Nearly a quarter of a million foreign drivers have evaded the Dartford Crossing automated toll in first four months since booths were scrapped
- Traditional cash toll-booths were scrapped in November last year
- Now around 1,900 foreign drivers a day are failing to pay the £2.50 toll
- Highways England has no powers to force foreign drivers to pay
- British car drivers who fail to pay the toll face fines of up to £105
Nearly a quarter of a million foreign drivers using the M25 Dartford Crossing have evaded the controversial new automated toll – while UK drivers who do the same face hefty fines through the post, new figures reveal.
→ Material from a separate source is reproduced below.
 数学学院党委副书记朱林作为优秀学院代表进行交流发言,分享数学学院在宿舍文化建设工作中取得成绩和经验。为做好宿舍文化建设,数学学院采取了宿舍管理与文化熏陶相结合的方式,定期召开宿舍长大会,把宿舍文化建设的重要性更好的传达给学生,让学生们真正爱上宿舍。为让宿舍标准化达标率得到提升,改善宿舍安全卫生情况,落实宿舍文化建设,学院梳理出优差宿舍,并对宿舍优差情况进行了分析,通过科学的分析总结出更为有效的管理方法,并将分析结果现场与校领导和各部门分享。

The 227,805 foreign vehicles which failed to pay during the new toll system’s first four months of operation – at the rate of nearly 2,000 per day - account for a quarter of all foreign cars and lorries going through the two Dartford Tunnels or across the Queen Elizabeth Bridge since the new free-flow Dart charge came into operation on November 30.
The figures show that almost as many foreign drivers are evading the toll as British drivers are being chased and fined for doing the same since the traditional cash toll-booths and traditional barriers were scrapped.
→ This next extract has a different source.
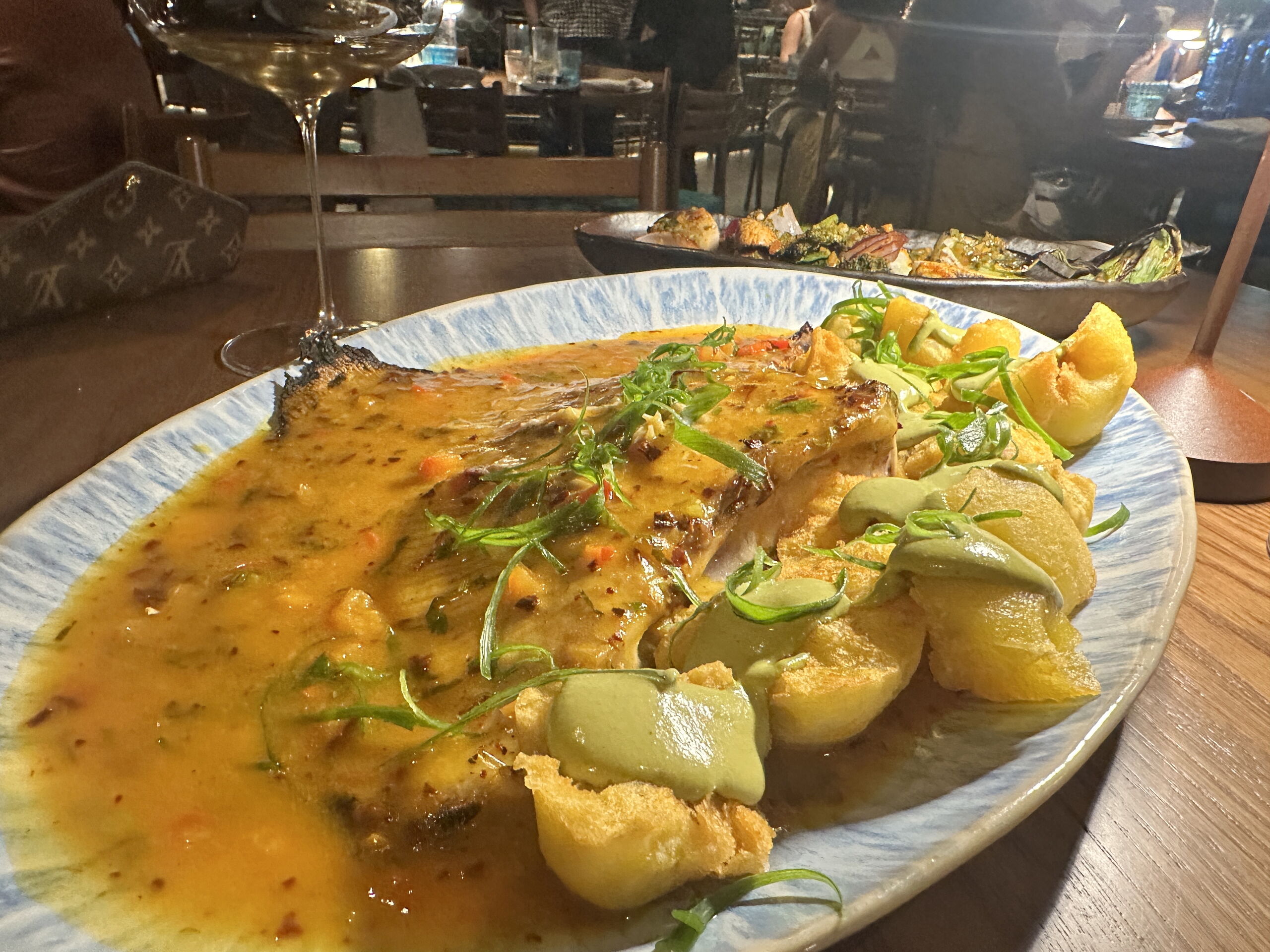 Terminamos este viaje por el Perú con el Pescado Entero (para dos). En este caso el ala de raya (58 €), un pescado traído de Cádiz con una salsa de ajillo limeño, papas amarillas peruanas y salsa ocopa, elaborada con huacatay, ají limo, ají panca, ají amarillo, rocoto y leche de tigre. Un pescado fresco, pasado por las brasas y bañado en una salsa que lo ensalza gracias a esa mezcla de ajís que le dan un frescor y toque picante especial. Lo acompañamos con verduras a la brasa para redondear el plato.

Toll dodgers: 227,805 foreign vehicles have failed to pay during the Dartford Crossing toll system’s first four months of operation
British car drivers who fail to sign up to pay the automated £2.50 toll face fines of up to £105. But foreign drivers are so far getting away scot free.
Now drivers must register their vehicles online, by telephone or post - in the same way they pay for the London Congestion charge– with 18 number-plate recognition cameras policing the free-flow system and sending out penalty charge notices to UK drivers.
The statistics emerged from a Freedom of Information request to Highways England which oversees the new system on the M25.
They show that a total of 864,438 vehicles using the crossing were of foreign origin. The 227,805 non-payers represent more than a quarter (26 per cent) of the total foreign vehicles, of which a quarter were lorries.
Overall just under 14 million vehicles (13,993,470) have used the crossing during the chargeable hours of the automated toll in the period since it opened on November 30 last year to March 31 this year.
The traditional toll booths were scrapped in November last year
Of these, 357,162 have been fined for non-payment – 2.5 per cent of the total. Some 12.8million did pay (12,836,511).
Highways England insisted that no foreign fines have been ‘written off.’ However it has no powers to force foreign drivers to pay.
It noted that the 26 per cent of foreign vehicles that failed to pay the charge represented ‘less than two per cent of the total vehicle passages during this period.’
Analysis of postcodes show that travellers from as far afield as Lands End to John O’Groats use the M25 crossing.
Professor Stephen Glaister, director of the RAC Foundation, said: ‘The price of removing the toll barriers and cutting congestion was always going to include people avoiding the charge.
‘But was anyone expecting 1,900 foreign vehicles a day to evade payment? The numbers beg the question whether visiting drivers disembarking at the Channel ports are getting enough information on how to pay the charge.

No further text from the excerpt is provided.